Description of the task: Within the entries below, please retype exactly the lines starting with the line that has "A gold plated" and going on through the line that has "3️⃣提交申请前请确定好申请时间,后台审核通过后将短信通知。", but not the pictures.

Dataset entries START

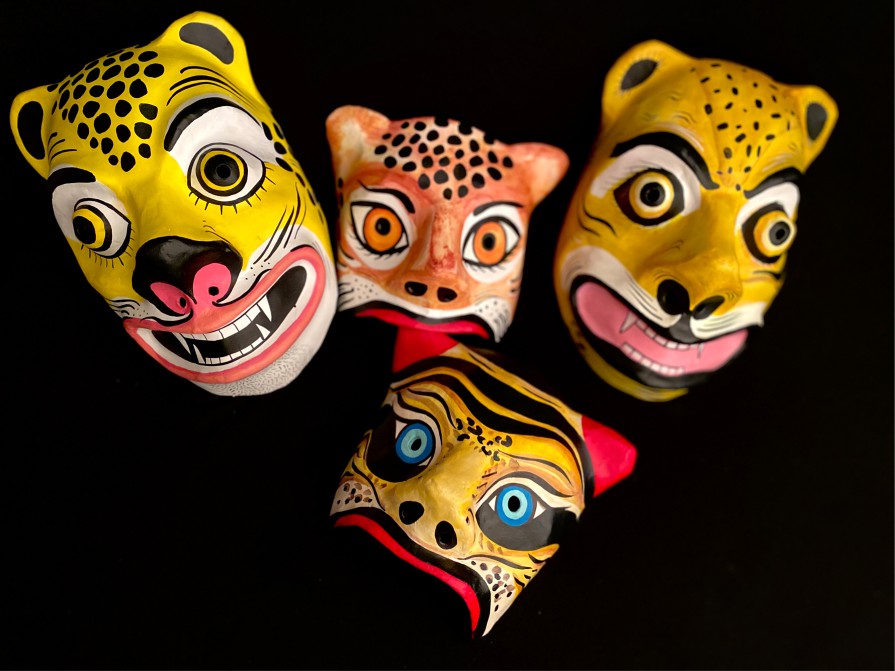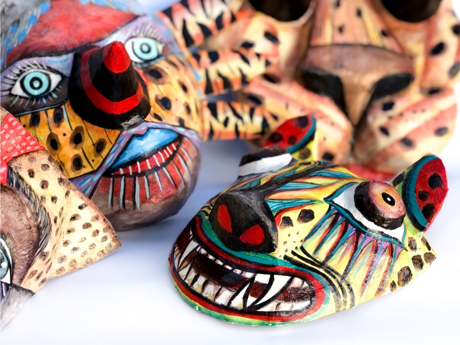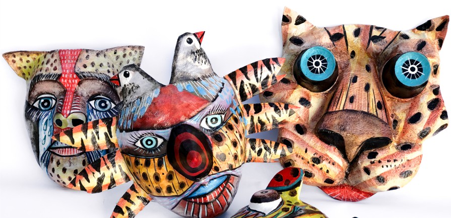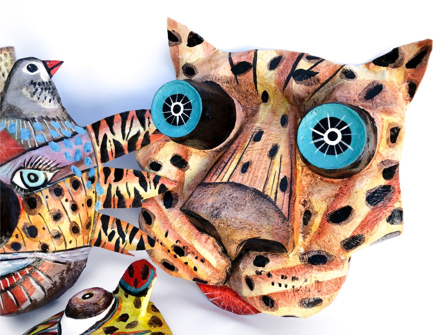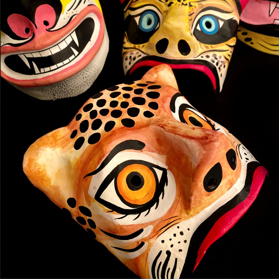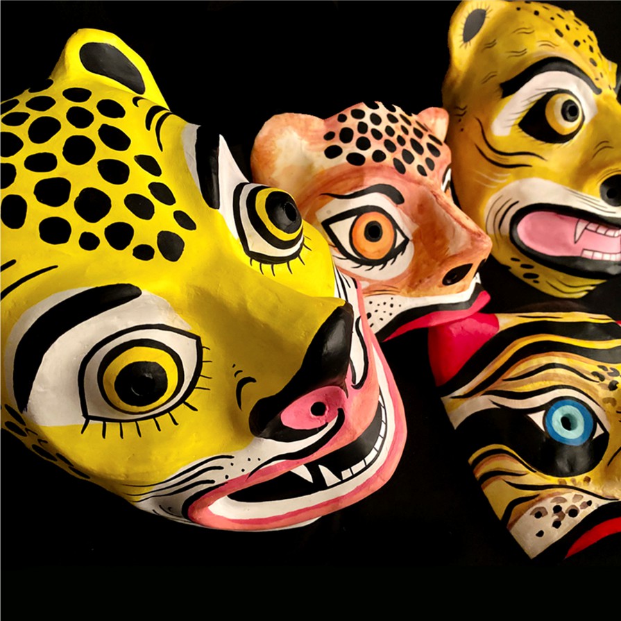 Máscaras rituales realizadas en cartapesta. Serie de trabajo denominada "Imaginería personal: Jaguas".
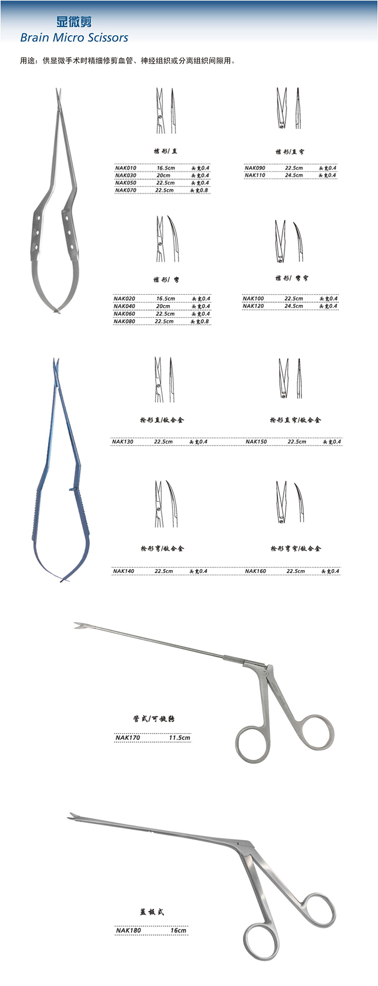 金鐘 顯微剪 NAK090 22.5cm 槍形 直窄 頭寬0.4
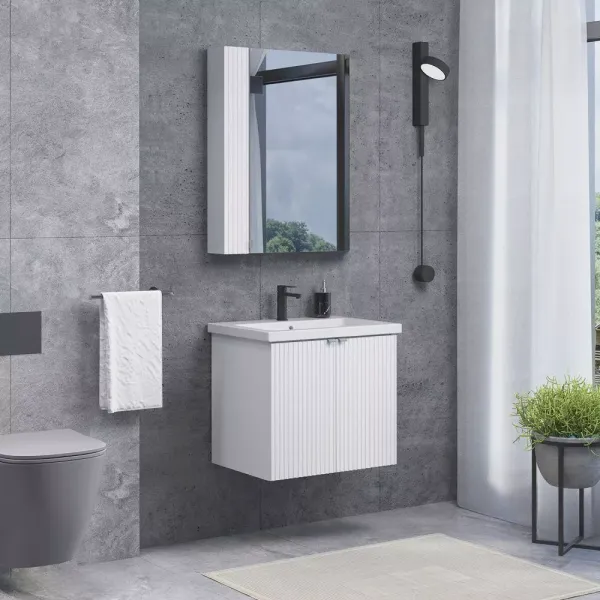 Тумба-умывальник Comforty Лима-60П белый матовый с раковиной Como 60
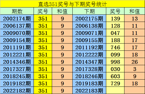 第2022182期3D奖号为:351,历史上该号码直选开出11次,下期号码分别为:139、128、047、188、746、099、998、030、603、729。
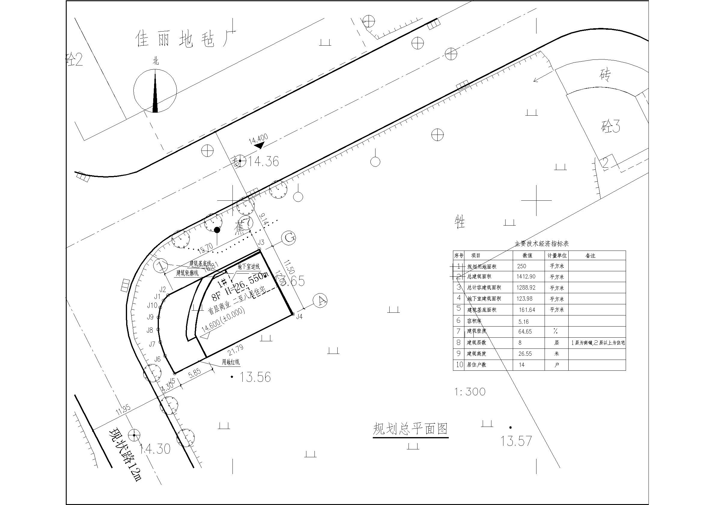 項目概況: 建筑基底占地面積161.64平方米 ,總建筑面積1412.9平方米,計容建筑面積1288.92平方米,不計容面積123.98平方米,建筑密度64.65%,地上建筑高度26.55米。
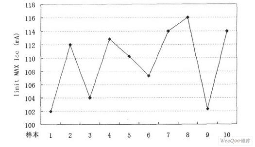 將以上設(shè)計(jì)的限流電路嵌入某穩(wěn)壓芯片(內(nèi)含電荷泵電路)中,實(shí)現(xiàn)流片量產(chǎn)(CMOS工藝)。當(dāng)VDD=3V時(shí),通過測(cè)量量產(chǎn)芯片得到輸出電流極限數(shù)據(jù)。統(tǒng)計(jì)如圖5所示,可知當(dāng)輸出電流處于100~120mA范圍內(nèi)時(shí),限流電路開始工作,關(guān)閉系統(tǒng)即保護(hù)LDO安全。由此可見,本設(shè)計(jì)電路結(jié)構(gòu)簡(jiǎn)單,功能可靠,可廣泛應(yīng)用于電源芯片中。
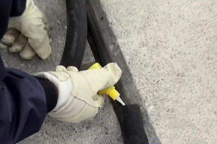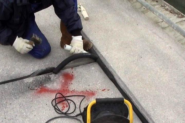 Zur Vermeidung von unzulässigen Dehnungen wird der Dichtstrang lose auf der Fuge ausgelegt und in Abständen von max. 30 x d (d = Profildurchmesser) punktuell in die Fuge eingebracht und damit an diesen Stellen befestigt. Das Profil wird dabei auf ca. 2/3 der endgültigen Einbautiefe eingebracht. Wenn diese Vorbefestigungen erfolgt sind, kann das Profil auf ganzer Länge bis auf die endgültige Tiefe eingebaut werden. Der Einbau der Profile kann per Hand oder maschinell erfolgen (s. Abb. 2 und 3). Verdrehungen müssen dabei unbedingt vermieden werden. Es muß weiterhin sichergestellt werden, daß auf 1,0 m Fuge auch tatsächlich 1,0 m Dichtungsprofil eingebaut wird und nicht durch Überdehnung beispielsweise nur 0,90 m (auf 1,00 m gestreckt) eingebaut werden. Dieses würde die Wirksamkeit der Kompressionsdichtung sehr stark beeinträchtigen.An Verbindungsstellen werden die Profile miteinander verklebt. Dabei müssen saubere, planebene und trockene Schnittstellen hergestellt werden. Die Enden der Profile müssen lose in Kontakt miteinander gebracht werden können, ohne dass eine Spannung entsteht. Eine Schnittfläche wird dünn mit dem Spezialkleber SICOMET 8300 eingestrichen und unmittelbar danach an die andere Schnittfläche herangeführt (Abb. 4). Die beiden Schnittstellen werden dann ca. 15 Sekunden lang stark aneinander gepresst, so dass eine einwandfreie Verklebung erfolgen kann. Der Klebstoff muß bei Temperaturen von max. 15 °C kühl gelagert werden.
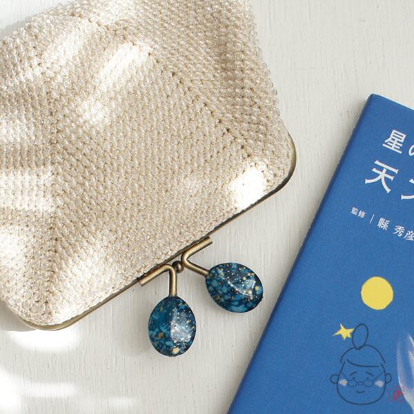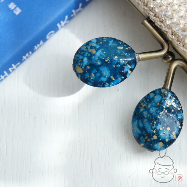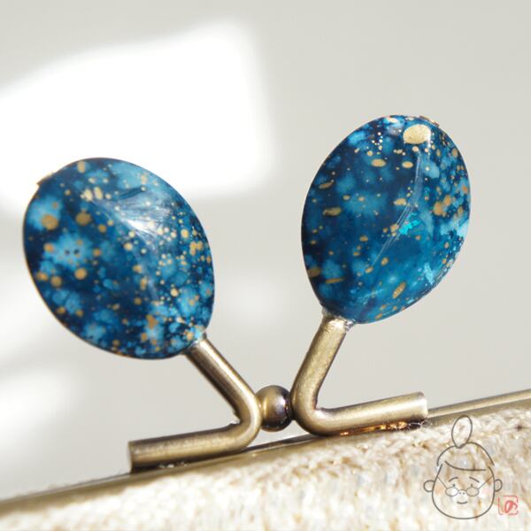 口金 : アンティークゴールド、コズミックブルーつまみ、12.5cm、角型
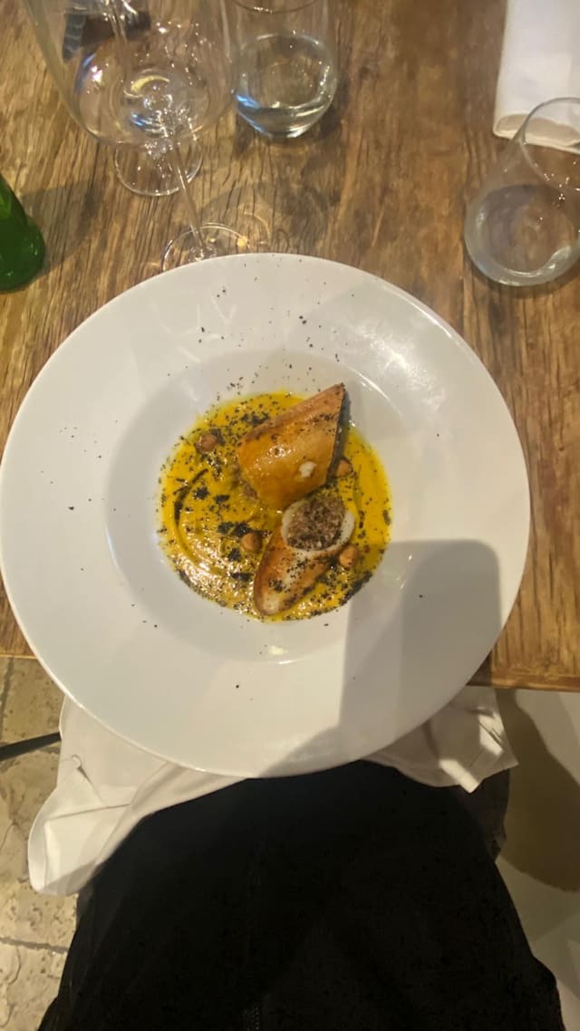 Baccalà mantecato, crema di cicerchie, pomodoro semi dry e cipolle caramellate
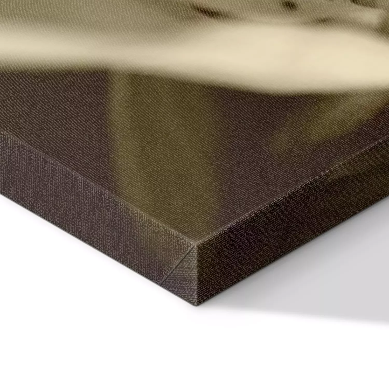 De print wordt aangebracht op hoogwaardig canvas dat op een schildersweefgetouw (spieraam) wordt gespannen. Omdat de print de zijranden bedekt, hoeft het ontwerp niet met een extra kader te worden omlijst. Wij raden ook composities aan die uit meerdere foto's bestaan en zo een coherente compositie vormen.
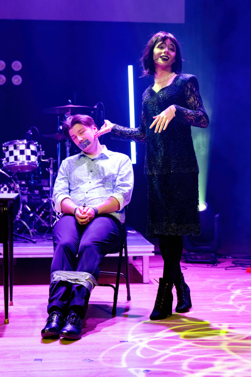 Photo : Clitorélise (William Maranda) montrant au public son amant ligoté : Jimmy McNeil Crédit : Jean-François Mongeon
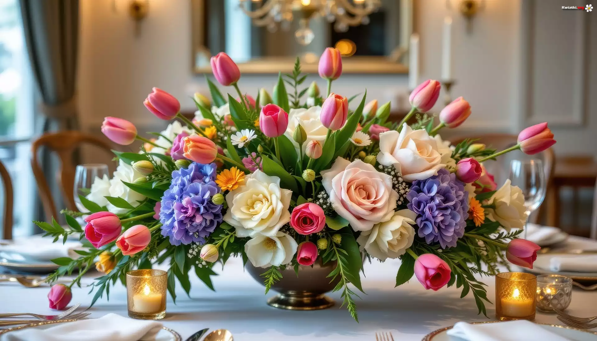 Kwiaty, Bukiet, Świeczki, Grafika AI - Zdjęcia
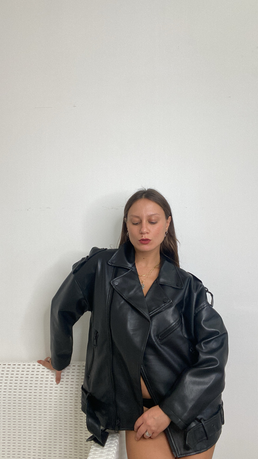 Chiodo ecopelle over chiusura a vista colori tono su tono colletto rever cintura incorporata tasche laterali con chiusura lampo
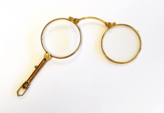 A gold plated and enamel folding lorgnette, 1930's Egyptian style
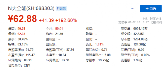 7月22日,大全新能源(N大全能 SH:688303)正式登陸上交所上市交易,并同時開始了上市儀式全程直播,開盤后股價暴漲273%,報80.21元。截止發稿,大全市值已經超過1200億,成為A股第7家千億市值光伏企業!其余千億光伏愜意還包括隆基股份、通威股份、陽光電源、中環股份、北方華創以及本月市值破千億的福斯特。
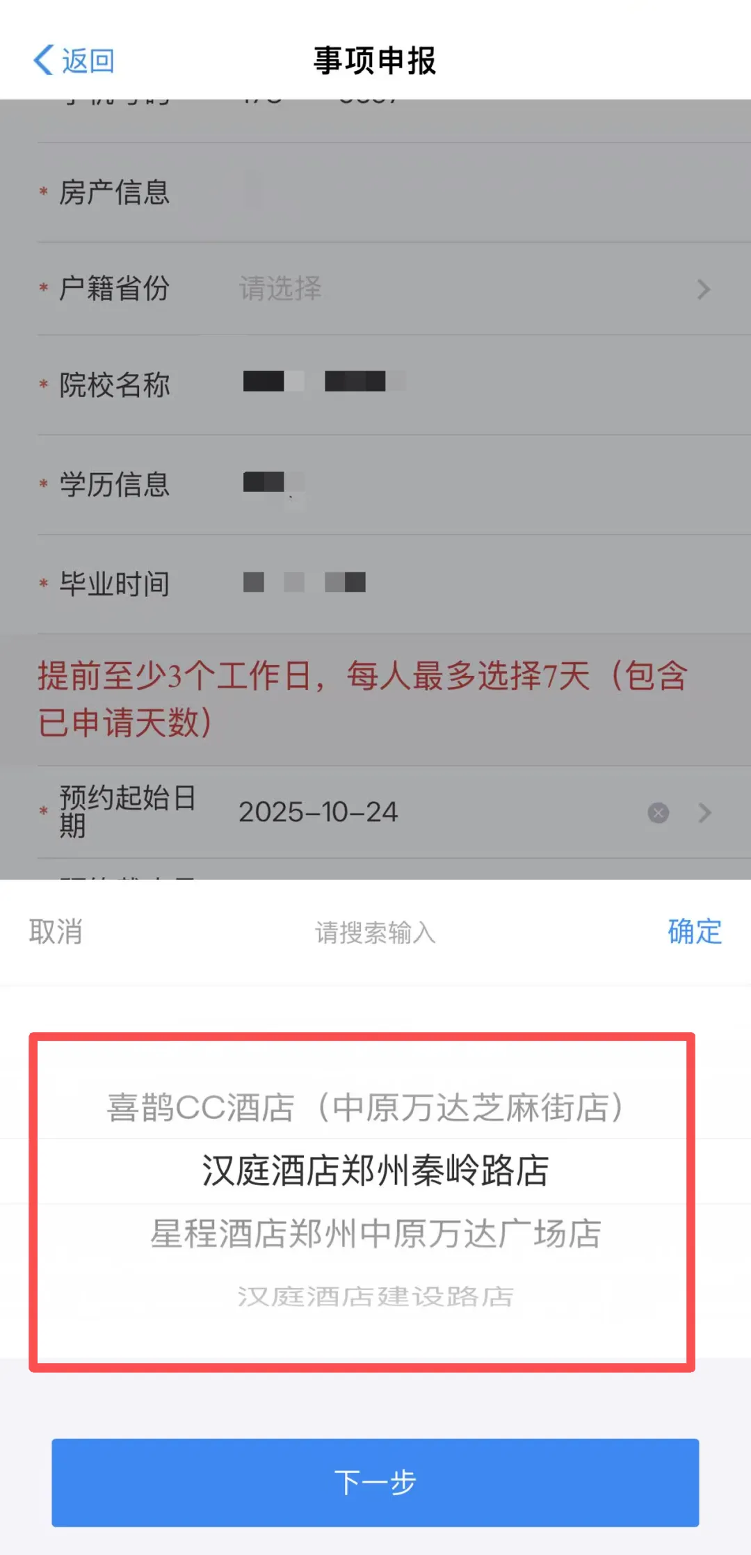 3️⃣提交申请前请确定好申请时间,后台审核通过后将短信通知。
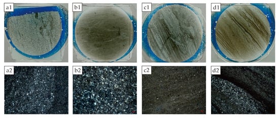 In terms of lithological development, the Lucaogou Formation is characterized by thick layers of conglomerate intercalated with thin layers of mud shale, locally containing oil shale and calcareous cement zones, with high proportions of coarse clastics, and conglomeratic structures, often volcanic rock fragments mixed with terrigenous gravels, reflecting a rapid filling process near the source under an active tectonic background, with sample lithologies including calcareous siltstone (Figure 2(a1–b2)), siltstone (Figure 2(c1,c2)), and silty dolomite (Figure 2(d1,d2)). The Fengcheng Formation conglomerate series is thin and stable, with frequent interlayering of ash layers with mudstone, siliciclastic rock, and volcanic event layers coupled with chemical deposition, reflecting the dynamic equilibrium of volcanic–hydrothermal–sedimentary processes during the lake basin expansion period, with sample lithologies including clayey shale (Figure 3(a1,a2)), clayey feldspathic shale (Figure 3(b1,b2)), feldspathic shale (Figure 3(c1,c2)), and silica shale (Figure 3(d1,d2)). The fundamental difference between the two is rooted in the ancient geographical setting; the Fengcheng Formation was formed in a semi-deep water basin, away from the main source, with active volcanic activity, while the Lucaogou Formation is located in the steep slope belt at the basin’s edge, controlled by strong tectonic uplift and coarse clastic alluvial systems, leading to differences in its conglomerate types and preservation conditions compared to the Fengcheng Formation.

Dataset entries END

Response for this exercise:
 A gold plated and enamel folding lorgnette, 1930's Egyptian style
 7月22日,大全新能源(N大全能 SH:688303)正式登陸上交所上市交易,并同時開始了上市儀式全程直播,開盤后股價暴漲273%,報80.21元。截止發稿,大全市值已經超過1200億,成為A股第7家千億市值光伏企業!其余千億光伏愜意還包括隆基股份、通威股份、陽光電源、中環股份、北方華創以及本月市值破千億的福斯特。
 3️⃣提交申请前请确定好申请时间,后台审核通过后将短信通知。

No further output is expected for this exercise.